┏━━

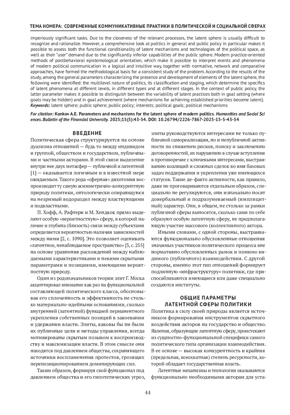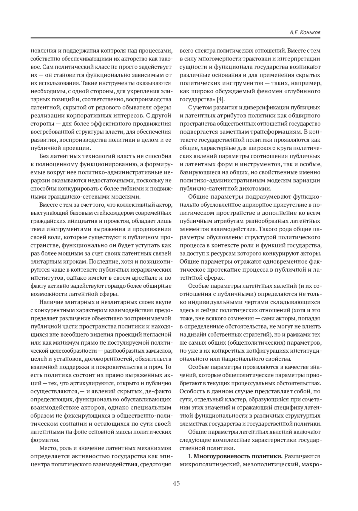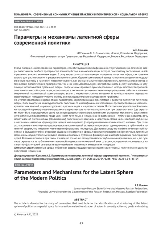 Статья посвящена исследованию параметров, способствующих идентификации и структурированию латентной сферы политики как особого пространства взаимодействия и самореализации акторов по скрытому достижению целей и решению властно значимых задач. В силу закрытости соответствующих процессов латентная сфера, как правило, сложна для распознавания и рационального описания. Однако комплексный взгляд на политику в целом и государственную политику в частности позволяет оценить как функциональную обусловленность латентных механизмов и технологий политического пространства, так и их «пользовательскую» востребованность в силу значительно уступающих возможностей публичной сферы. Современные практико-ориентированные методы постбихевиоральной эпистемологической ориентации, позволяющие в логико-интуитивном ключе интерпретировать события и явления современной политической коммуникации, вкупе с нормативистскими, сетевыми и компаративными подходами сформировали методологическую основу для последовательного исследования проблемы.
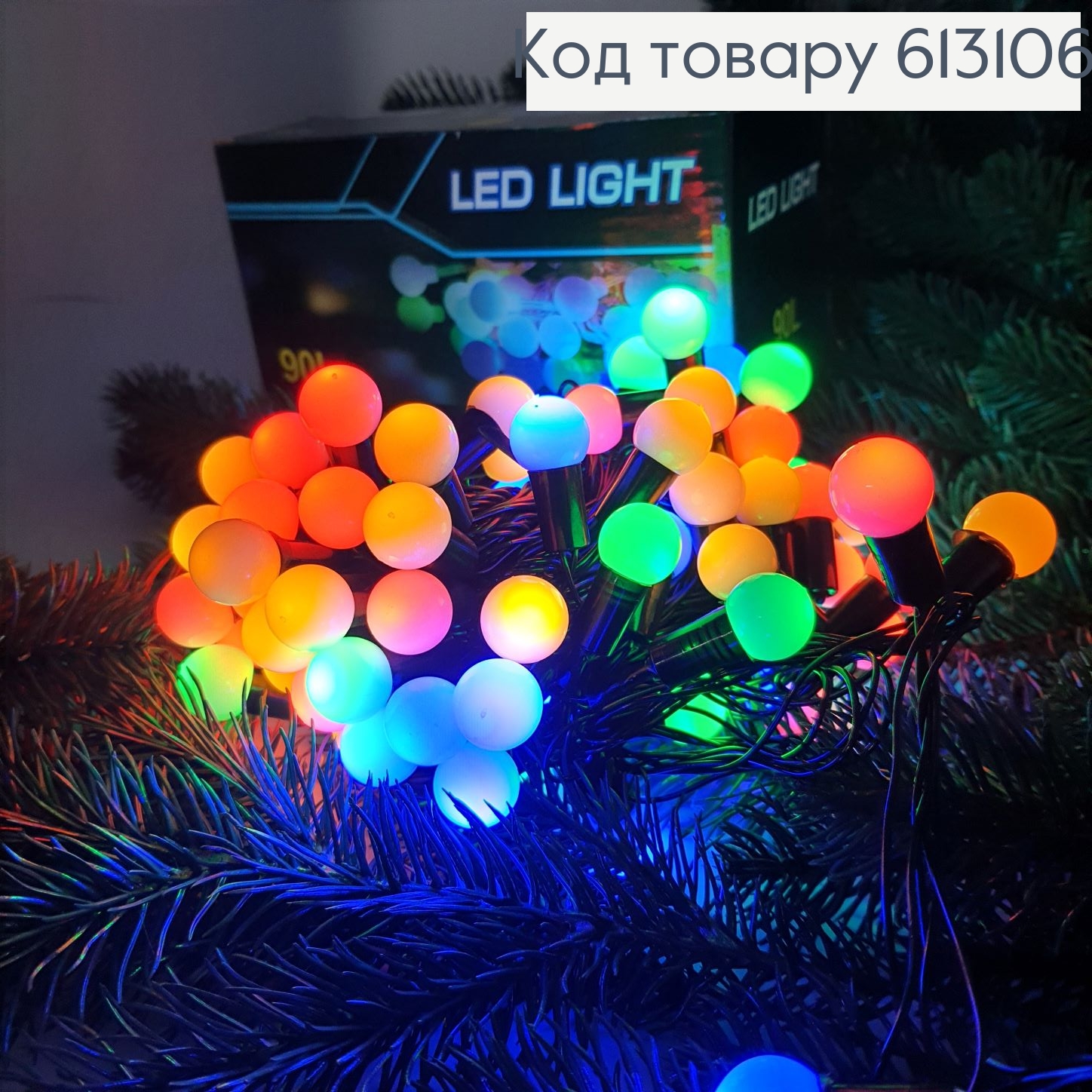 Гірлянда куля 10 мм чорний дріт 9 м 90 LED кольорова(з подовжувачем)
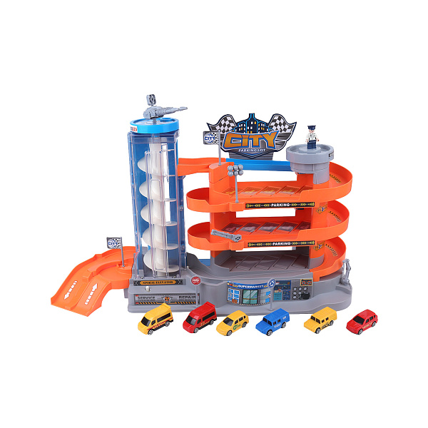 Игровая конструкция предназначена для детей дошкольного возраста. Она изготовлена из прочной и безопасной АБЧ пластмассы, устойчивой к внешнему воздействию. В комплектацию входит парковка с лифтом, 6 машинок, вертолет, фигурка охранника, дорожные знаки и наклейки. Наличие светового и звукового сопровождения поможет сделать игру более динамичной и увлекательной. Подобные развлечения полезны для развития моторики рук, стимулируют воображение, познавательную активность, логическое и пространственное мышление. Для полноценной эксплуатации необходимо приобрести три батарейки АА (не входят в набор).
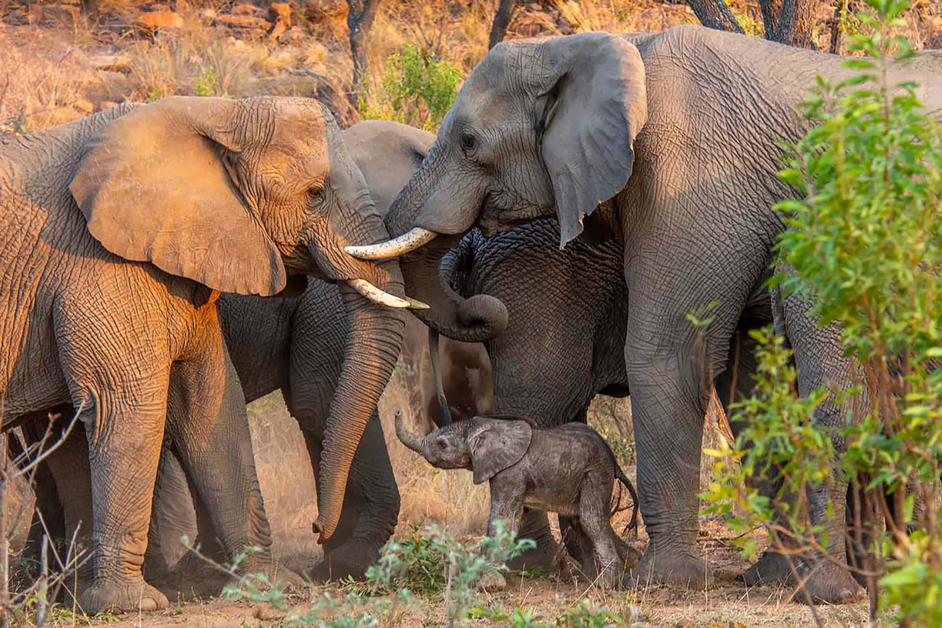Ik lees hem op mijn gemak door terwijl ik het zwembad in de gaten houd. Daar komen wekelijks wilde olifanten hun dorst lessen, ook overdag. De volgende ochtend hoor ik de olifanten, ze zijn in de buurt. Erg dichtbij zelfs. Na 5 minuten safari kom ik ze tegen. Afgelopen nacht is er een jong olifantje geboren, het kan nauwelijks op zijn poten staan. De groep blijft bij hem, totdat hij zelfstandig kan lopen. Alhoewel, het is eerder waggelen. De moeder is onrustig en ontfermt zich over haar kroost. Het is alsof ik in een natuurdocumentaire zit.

┗━━

- [Required work] Reprint the listing above exactly, without images.

- [Solution to the exercise]
 Статья посвящена исследованию параметров, способствующих идентификации и структурированию латентной сферы политики как особого пространства взаимодействия и самореализации акторов по скрытому достижению целей и решению властно значимых задач. В силу закрытости соответствующих процессов латентная сфера, как правило, сложна для распознавания и рационального описания. Однако комплексный взгляд на политику в целом и государственную политику в частности позволяет оценить как функциональную обусловленность латентных механизмов и технологий политического пространства, так и их «пользовательскую» востребованность в силу значительно уступающих возможностей публичной сферы. Современные практико-ориентированные методы постбихевиоральной эпистемологической ориентации, позволяющие в логико-интуитивном ключе интерпретировать события и явления современной политической коммуникации, вкупе с нормативистскими, сетевыми и компаративными подходами сформировали методологическую основу для последовательного исследования проблемы.
 Гірлянда куля 10 мм чорний дріт 9 м 90 LED кольорова(з подовжувачем)
 Игровая конструкция предназначена для детей дошкольного возраста. Она изготовлена из прочной и безопасной АБЧ пластмассы, устойчивой к внешнему воздействию. В комплектацию входит парковка с лифтом, 6 машинок, вертолет, фигурка охранника, дорожные знаки и наклейки. Наличие светового и звукового сопровождения поможет сделать игру более динамичной и увлекательной. Подобные развлечения полезны для развития моторики рук, стимулируют воображение, познавательную активность, логическое и пространственное мышление. Для полноценной эксплуатации необходимо приобрести три батарейки АА (не входят в набор).
Ik lees hem op mijn gemak door terwijl ik het zwembad in de gaten houd. Daar komen wekelijks wilde olifanten hun dorst lessen, ook overdag. De volgende ochtend hoor ik de olifanten, ze zijn in de buurt. Erg dichtbij zelfs. Na 5 minuten safari kom ik ze tegen. Afgelopen nacht is er een jong olifantje geboren, het kan nauwelijks op zijn poten staan. De groep blijft bij hem, totdat hij zelfstandig kan lopen. Alhoewel, het is eerder waggelen. De moeder is onrustig en ontfermt zich over haar kroost. Het is alsof ik in een natuurdocumentaire zit.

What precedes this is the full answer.